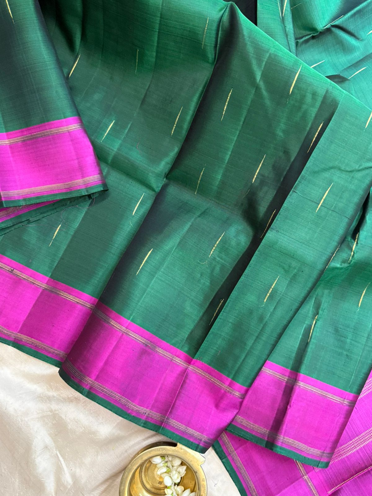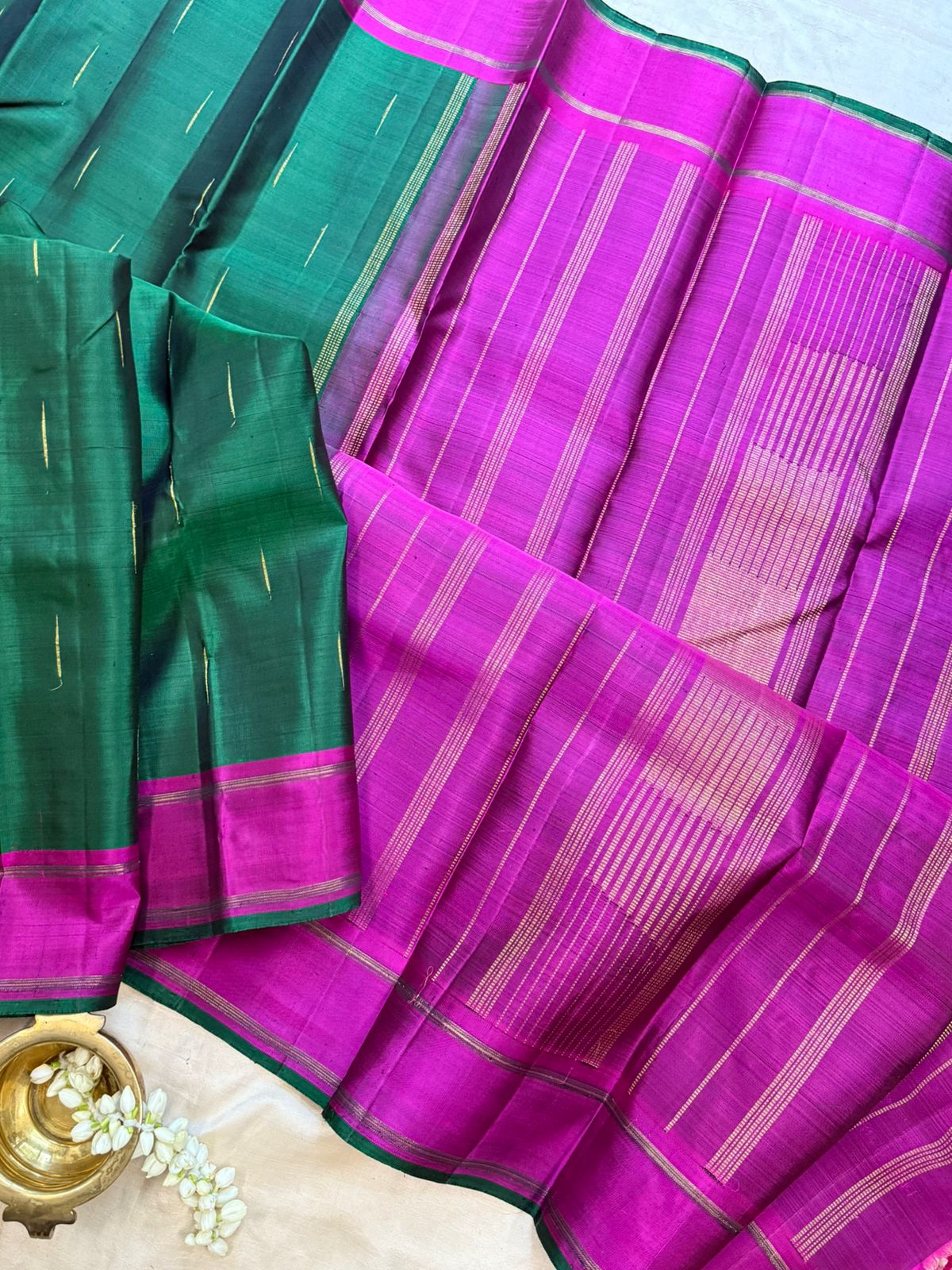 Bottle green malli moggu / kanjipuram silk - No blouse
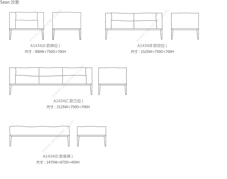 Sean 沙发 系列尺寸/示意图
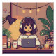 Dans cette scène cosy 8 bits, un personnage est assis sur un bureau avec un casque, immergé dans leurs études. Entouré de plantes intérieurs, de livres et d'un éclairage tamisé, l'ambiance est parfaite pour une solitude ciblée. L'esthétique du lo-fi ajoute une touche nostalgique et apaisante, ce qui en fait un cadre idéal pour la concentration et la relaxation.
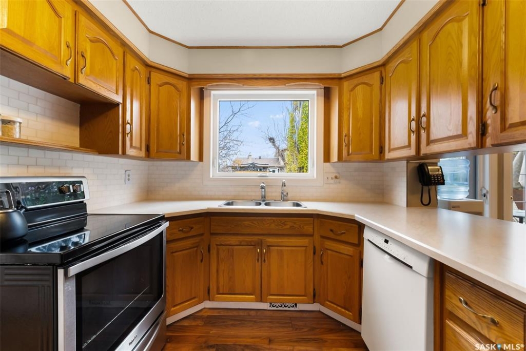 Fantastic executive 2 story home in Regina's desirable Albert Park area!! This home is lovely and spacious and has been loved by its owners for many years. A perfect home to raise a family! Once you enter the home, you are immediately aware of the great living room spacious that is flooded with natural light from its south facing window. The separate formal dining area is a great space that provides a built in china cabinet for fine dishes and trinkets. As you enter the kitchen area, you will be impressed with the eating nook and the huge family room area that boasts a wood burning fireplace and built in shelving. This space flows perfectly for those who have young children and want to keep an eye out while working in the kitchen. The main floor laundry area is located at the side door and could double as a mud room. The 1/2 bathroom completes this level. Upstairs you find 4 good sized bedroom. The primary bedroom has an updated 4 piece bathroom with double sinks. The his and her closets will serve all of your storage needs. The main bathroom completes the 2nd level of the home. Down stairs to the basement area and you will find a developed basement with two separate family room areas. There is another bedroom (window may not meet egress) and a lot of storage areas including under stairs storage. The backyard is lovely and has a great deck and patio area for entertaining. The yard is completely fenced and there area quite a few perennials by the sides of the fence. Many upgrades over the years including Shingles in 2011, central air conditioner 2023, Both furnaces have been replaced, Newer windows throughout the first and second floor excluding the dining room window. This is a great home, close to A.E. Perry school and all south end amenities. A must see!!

> _Exercise description_: Within the data above, repeat exactly the lines from the one bearing "Sean 沙发 系列尺寸/示意图" through the one bearing "Dans cette scène". Include no pictures and nothing else.

> _Your response_:
 Sean 沙发 系列尺寸/示意图
 Dans cette scène cosy 8 bits, un personnage est assis sur un bureau avec un casque, immergé dans leurs études. Entouré de plantes intérieurs, de livres et d'un éclairage tamisé, l'ambiance est parfaite pour une solitude ciblée. L'esthétique du lo-fi ajoute une touche nostalgique et apaisante, ce qui en fait un cadre idéal pour la concentration et la relaxation.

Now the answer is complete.